SUPPLIED DATA:

☆ ☆ ☆ ☆

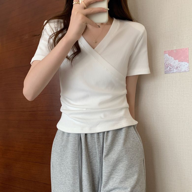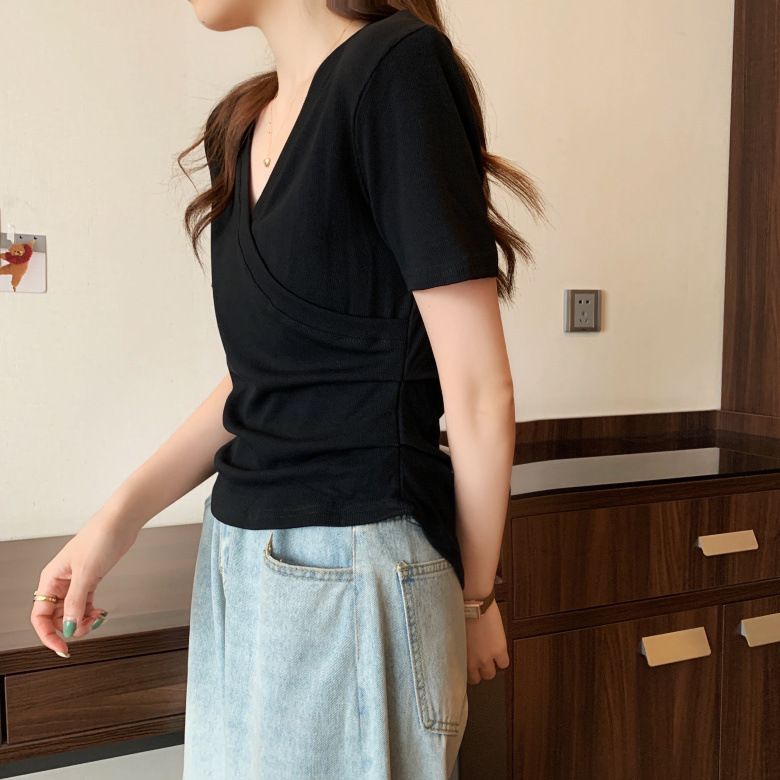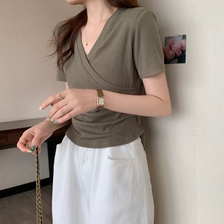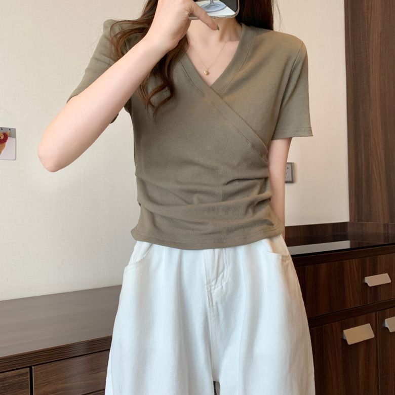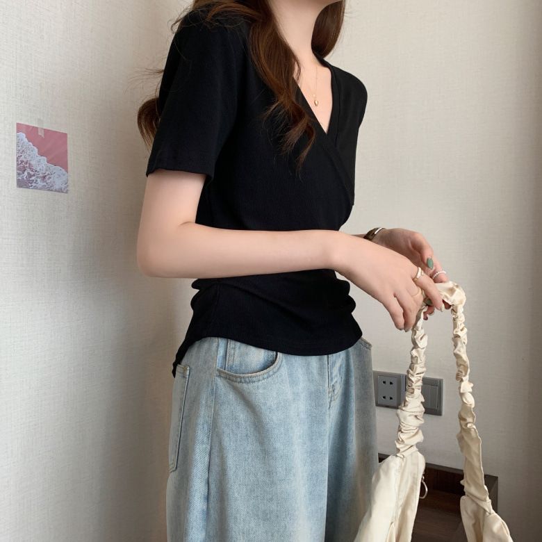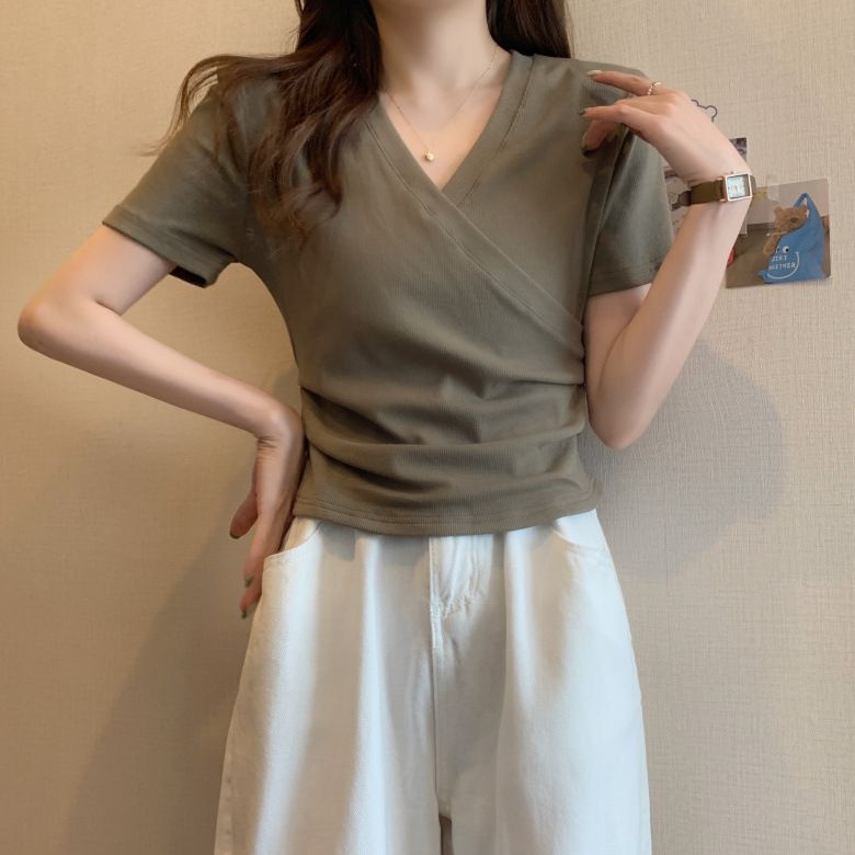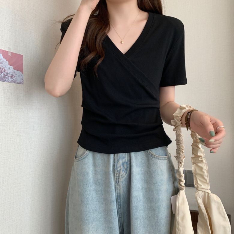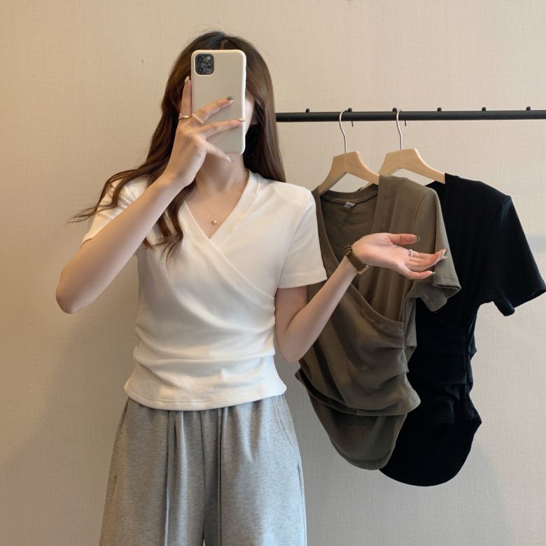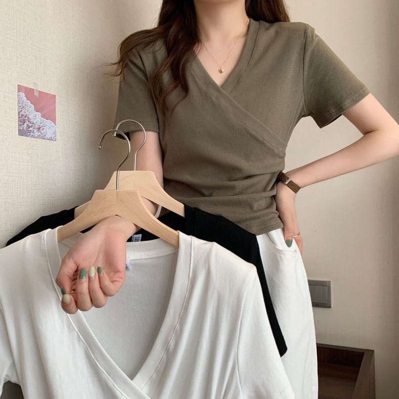MY17583# 微胖设计感短袖T恤女夏新款韩版交叉V领小众辣妹修身百搭上衣女裝貨源服裝批發
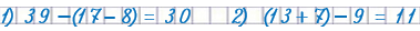 3) Из числа 39 вычесть разность чисел 17 и 8.
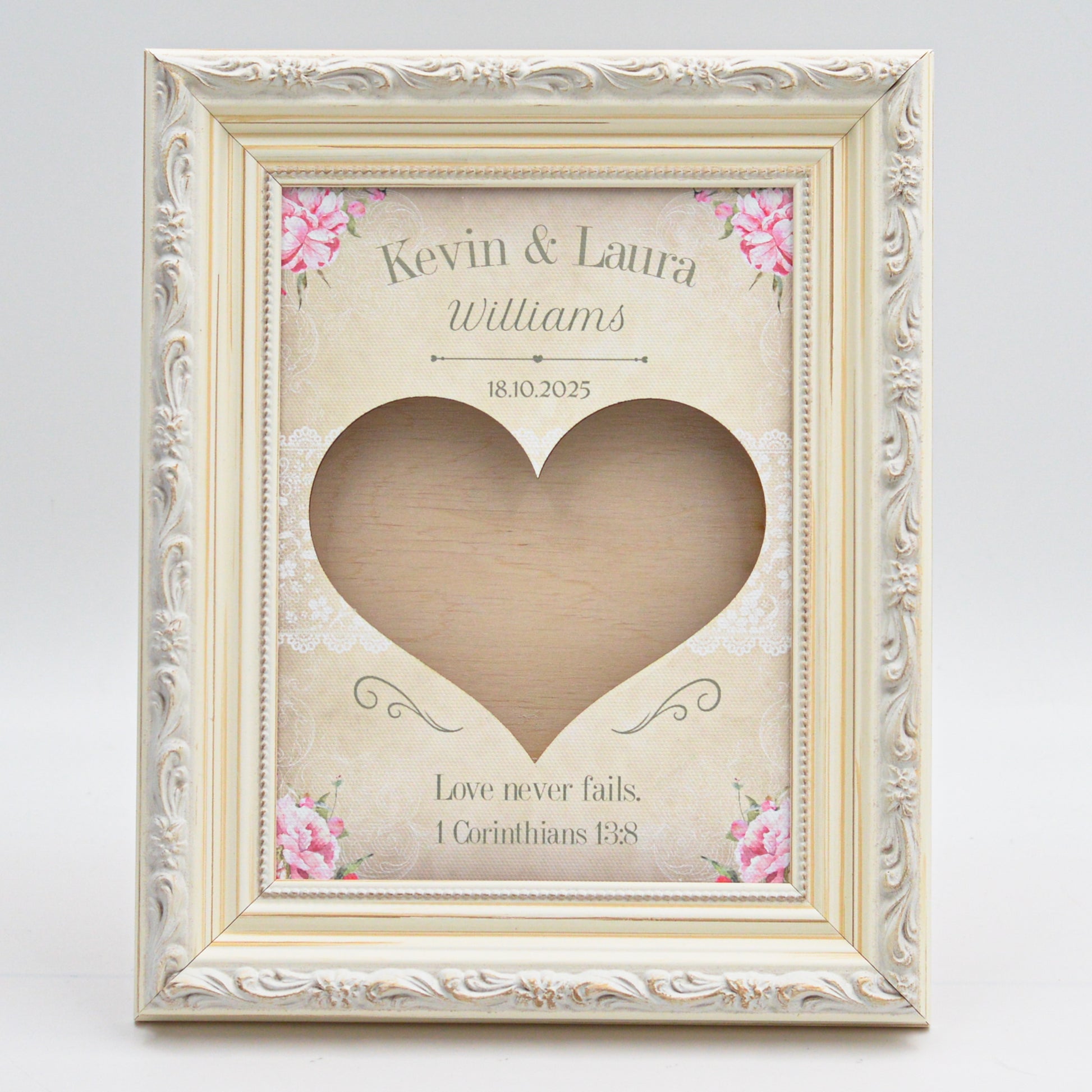 The vintage white solid pine wood frame gives a timeless, antique feel, while your names, wedding date, and quote make the design truly personal and heartfelt.
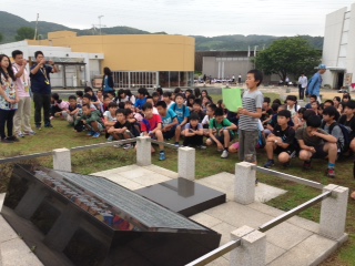 被災されたかたの御冥福をいのって、千羽鶴を捧げ、黙祷しました。
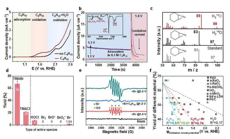 图2:溴自由基辅助的烯烃环氧化的电催化性能
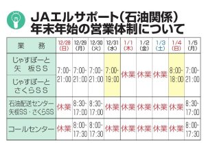 JAエルサポート(石油関係) 年末年始の営業体制について
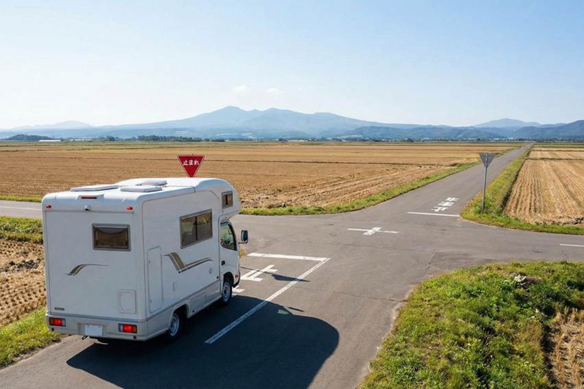 キャンピングカーの旅で特に気をつけたいのが、北海道や東北地方の広大な農道に潜む「田園型事故(十勝型事故)」です。周囲に遮るものがない見通しの良い交差点ほど、お互いが「相手が止まるだろう」と錯覚し、そのまま衝突してしまいます。
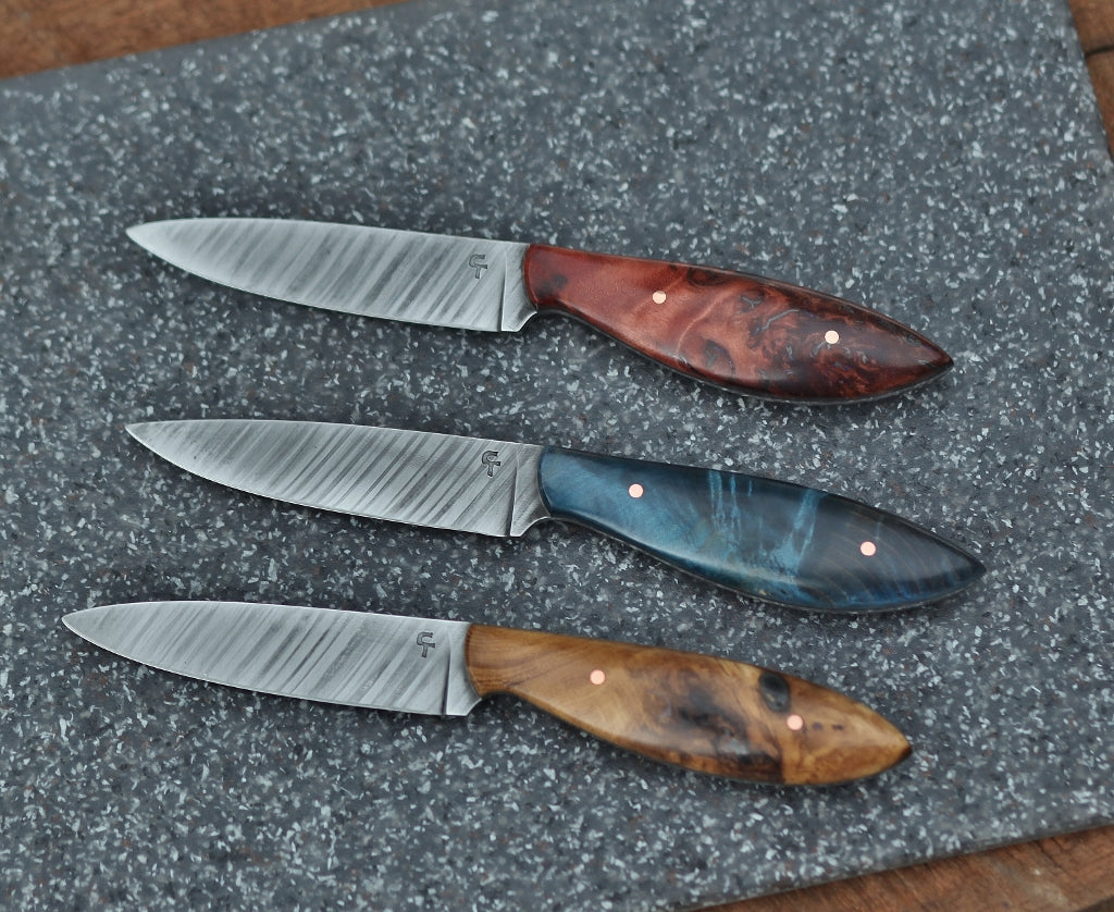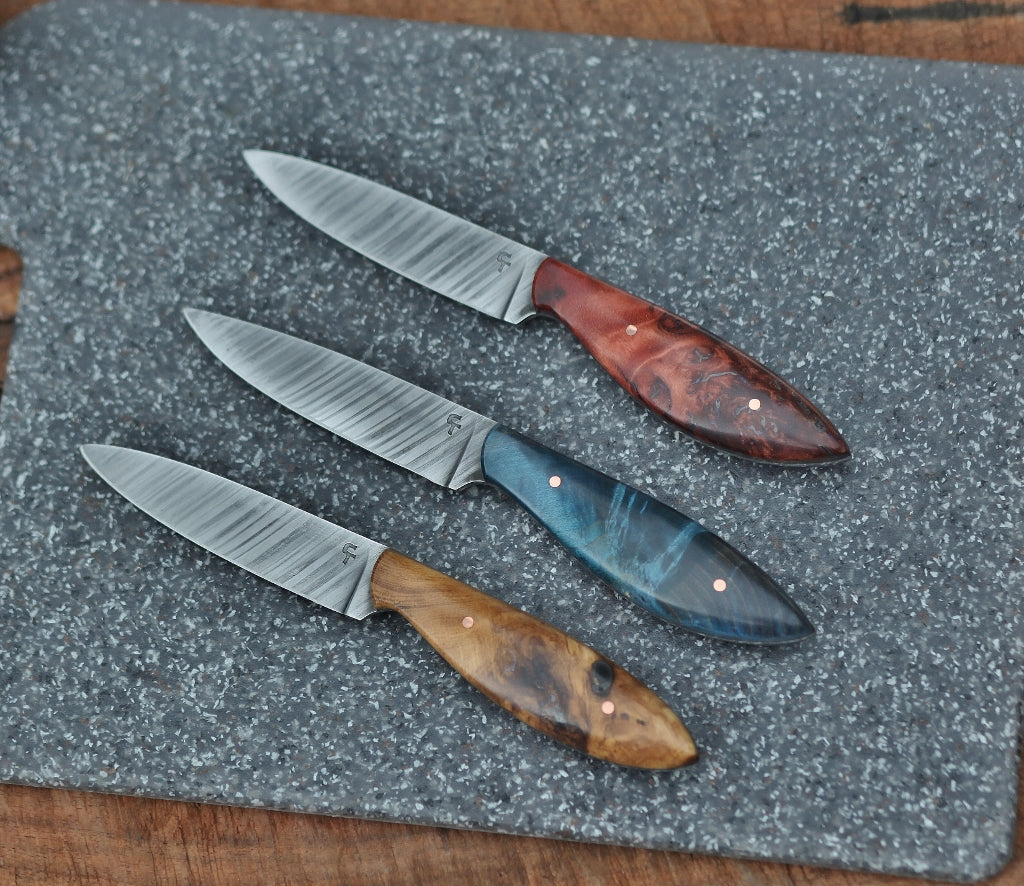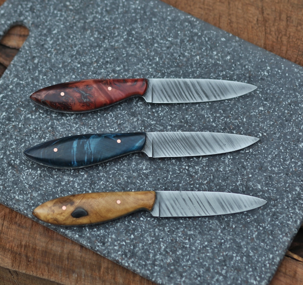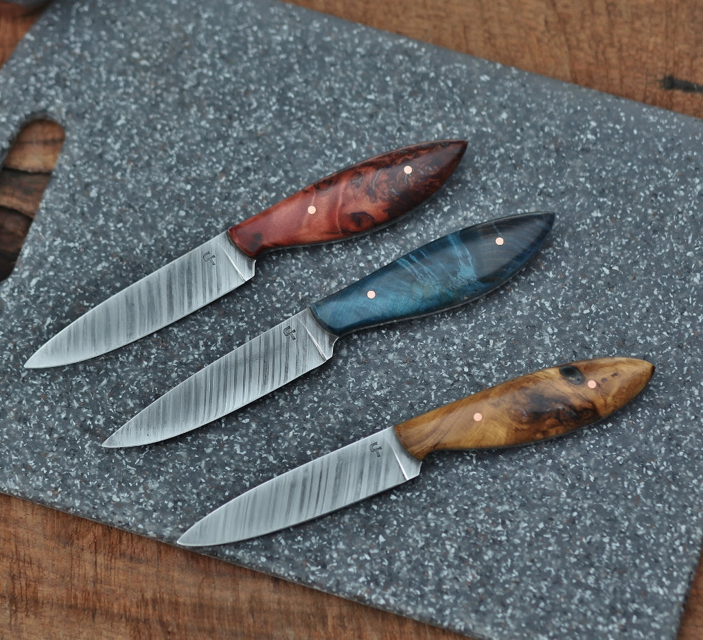 All 3 are 8.25 inches long, 3.75 inch cutting edges. Crafted from recycled Idaho lumber mill saw steel, 8670 carbon tool steel is easy to sharpen, see the short sharpening video on my "Knife Care" page.

☆ ☆ ☆ ☆

Please reproduce the lines exactly from the one containing "JAエルサポート(石油関係) 年末年始の営業体制について" through the last line of the data above, and keep the pictures out.

 JAエルサポート(石油関係) 年末年始の営業体制について
 キャンピングカーの旅で特に気をつけたいのが、北海道や東北地方の広大な農道に潜む「田園型事故(十勝型事故)」です。周囲に遮るものがない見通しの良い交差点ほど、お互いが「相手が止まるだろう」と錯覚し、そのまま衝突してしまいます。
 All 3 are 8.25 inches long, 3.75 inch cutting edges. Crafted from recycled Idaho lumber mill saw steel, 8670 carbon tool steel is easy to sharpen, see the short sharpening video on my "Knife Care" page.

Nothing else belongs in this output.